自分で「食べる」ことができるのを最高として、「介助して食べさせる」から「チューブ栄養」さらには「中心静脈栄養」まで、「食」と栄養は病人にとっても病院にとっても大きな問題である。療養病床では胃ろう(PEGペグ)を利用しているところが増加している。栄養ルートとして腸管を利用するので免疫機能が保持できること、栄養バランスが良いこと等利点も多いが、入れ替えの時点でアクシデントが多いことはよく知られている。最近では在宅療養で家族がそのアシスタントを務めるとなると派生する合併症が多いのも事実である。
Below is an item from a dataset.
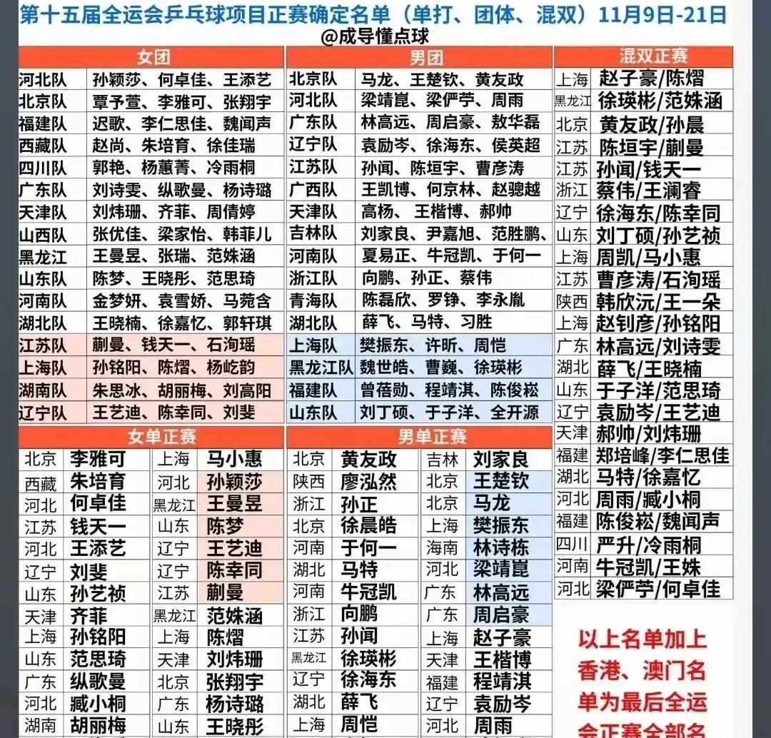 看了一下这次的签表,北京大满贯混双比赛的出场名单,的确有部分是照顾到了接下来即将要举行的全运会。 按照之前的惯例,正常应该是蒯曼与林诗栋的组合,但因为蒯曼与陈垣宇即将代表江苏参加大湾区的全运会,所以这次大满贯就干脆让他俩上了。 王艺迪的搭档一般都是林高远,但因为她和袁励岑的组合已经晋级大运会最后的混双正赛,所以,北京大满贯的混双就是她和袁励岑直接上了。 而陈熠和黄友政的搭档,以及薛飞和钱天一的搭档,那都是常规组合,之前在很多支线赛中表现还可以。 至于王楚钦和孙颖莎就不用多说了。 只不过,她俩的组合早早就要遇上蒯曼和陈垣宇两人,这有点……呵呵。 希望都能打出各自的风格吧!加油!

当院は五九六床の病院であるが、常食を摂取できる患者は約二五%にすぎず、三〇%未満がきざみ食を含めた軟菜食である。経管栄養はなんと四五%に達している。当院でも胃ろう、腸ろう、経皮経食道胃ろう、経鼻胃チューブによる投与法が行われているが、ペグによるものが最も多く七五%、約二〇〇名で、胃チューブそのほかは二五%である。病棟別にみると、重症度が高い医療病棟で七二%前後と最も多く、介護病棟で三七%、回復期病棟では二九%であった。
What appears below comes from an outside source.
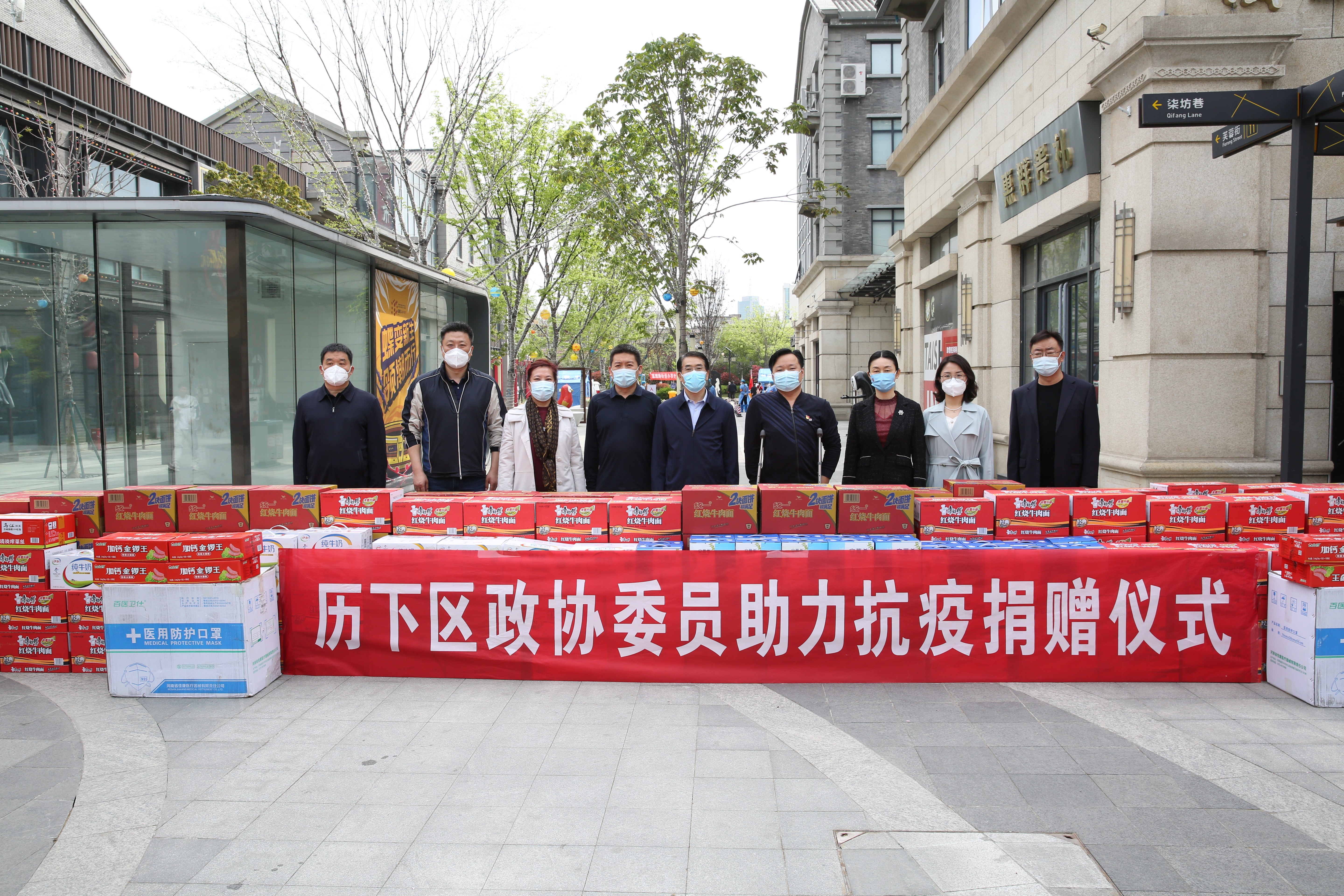 4月9日上午,区政协组织部分政协委员到泉城路街道开展助力疫情防控捐赠活动。区政协主席陈贯鹏,副主席金辉,秘书长封秀焕,区政协常委、山东麦德森集团党支部书记王勇,区政协常委、山东普利园林工程有限公司总经理刘德永参加捐赠活动。

ペグの作成は他病院にお願いしているので、当院では適応までのICだけをとれば良く、費用面でも持ち出しがなく助かっている。ペグは作成時期と作成病院の違いによってバルーン型、バンパー型が混在しているが、それぞれにタイプによって特徴と欠点がある。たとえばバルーンでは注入水が少なくなると脱落しやすくなる。そのほか、自己抜去も多い。脱落に伴う入れ替え事故をはじめ、スキンケアは清拭やガーゼ不用といっても何かと問題は少なくない。肉芽の焼灼も硝酸銀棒が入手困難で苦労している。逆流性食道炎や嚥下性肺炎などの問題もある。入れ替えを安全確実に行うには内視鏡を併用するかレントゲン撮影がよいがベッドサイドで行うと意外に難しい。空気や注入水の音を聴診器で聞くのは不確実で、腹腔内に入っても識別困難である。ペグ交換は一ないし三ヶ月とされている。理想的には内視鏡による方法がよかろうと思うが二〇〇名もいれば現実的ではない。腹腔内に誤挿入するよりは、まずは一晩待ってなれたスタッフに任せるのが安全である。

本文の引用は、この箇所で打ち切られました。